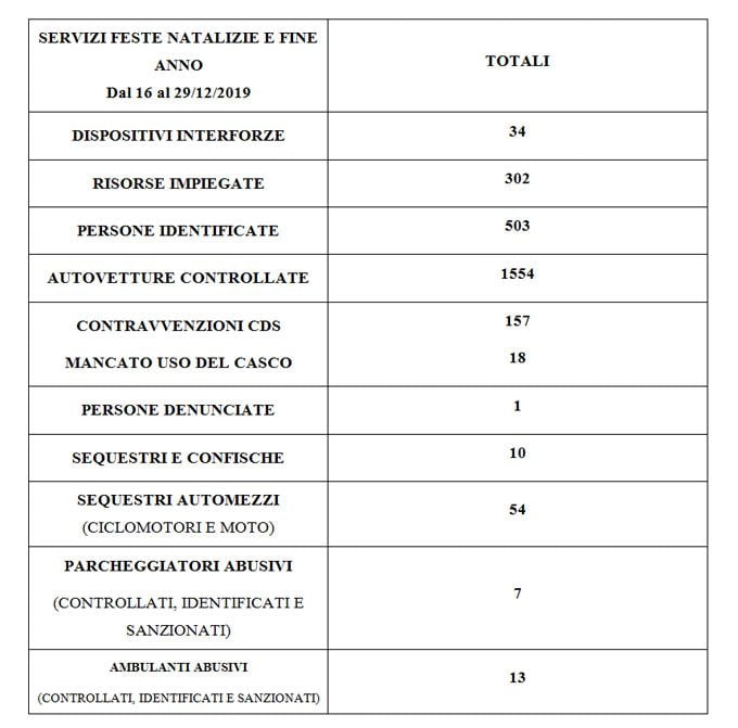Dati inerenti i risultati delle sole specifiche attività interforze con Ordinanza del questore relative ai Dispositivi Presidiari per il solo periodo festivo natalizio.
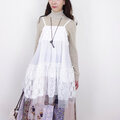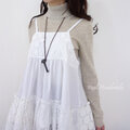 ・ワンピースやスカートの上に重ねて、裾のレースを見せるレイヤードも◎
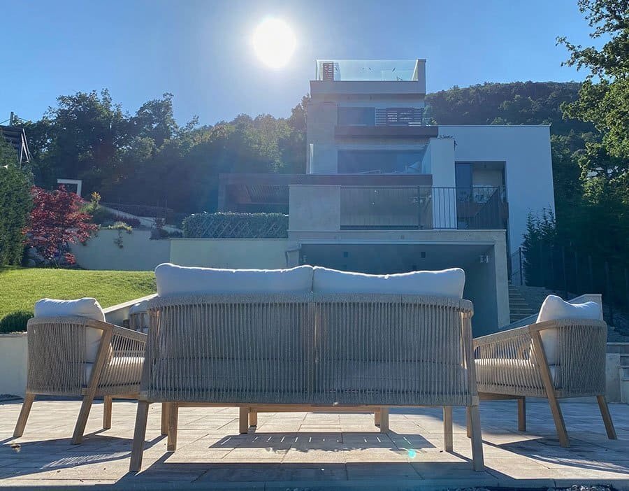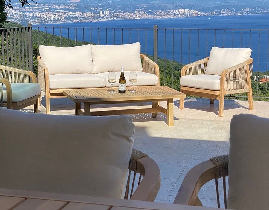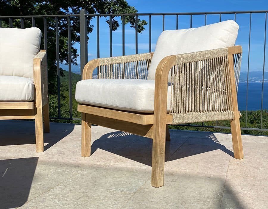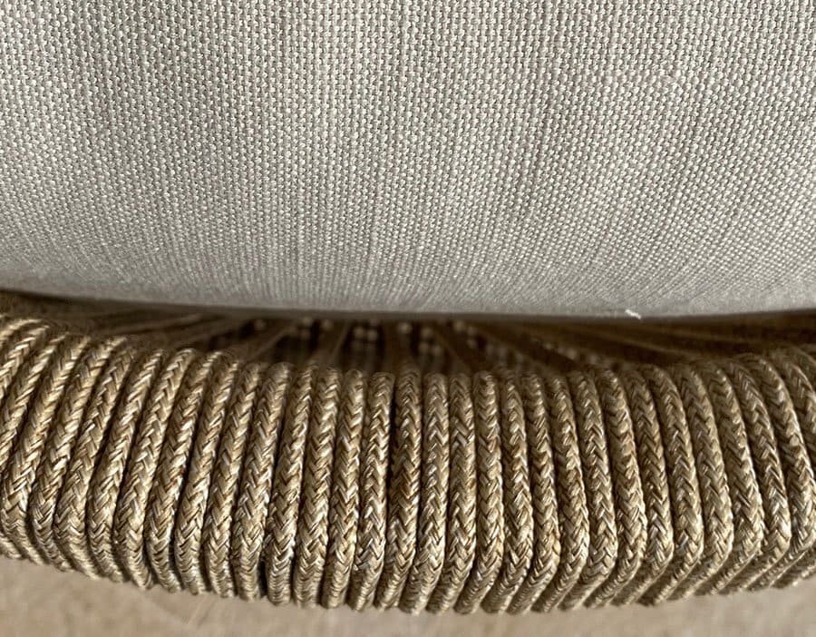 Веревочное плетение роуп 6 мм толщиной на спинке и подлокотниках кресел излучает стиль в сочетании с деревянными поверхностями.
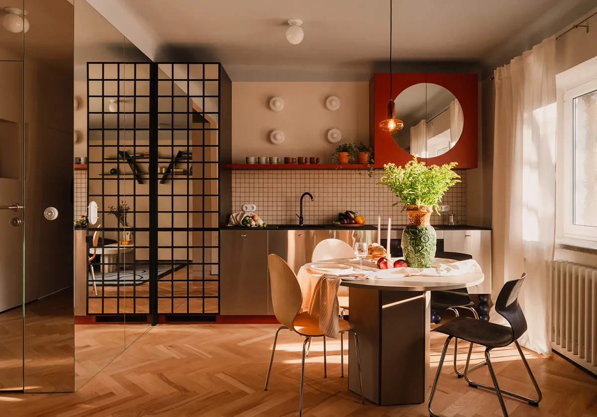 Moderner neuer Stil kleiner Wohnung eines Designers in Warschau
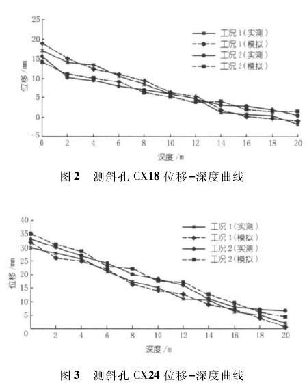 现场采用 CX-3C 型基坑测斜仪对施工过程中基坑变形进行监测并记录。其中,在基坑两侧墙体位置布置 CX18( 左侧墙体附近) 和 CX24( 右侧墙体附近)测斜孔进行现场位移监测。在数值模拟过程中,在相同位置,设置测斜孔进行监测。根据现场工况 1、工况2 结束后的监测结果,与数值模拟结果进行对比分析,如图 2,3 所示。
==============================
YOUR TASK.
Only the lines from the one containing "Веревочное плетение роуп" through the last line of the material should be returned, exactly and without pictures.

EXPECTED OUTPUT.
 Веревочное плетение роуп 6 мм толщиной на спинке и подлокотниках кресел излучает стиль в сочетании с деревянными поверхностями.
 Moderner neuer Stil kleiner Wohnung eines Designers in Warschau
 现场采用 CX-3C 型基坑测斜仪对施工过程中基坑变形进行监测并记录。其中,在基坑两侧墙体位置布置 CX18( 左侧墙体附近) 和 CX24( 右侧墙体附近)测斜孔进行现场位移监测。在数值模拟过程中,在相同位置,设置测斜孔进行监测。根据现场工况 1、工况2 结束后的监测结果,与数值模拟结果进行对比分析,如图 2,3 所示。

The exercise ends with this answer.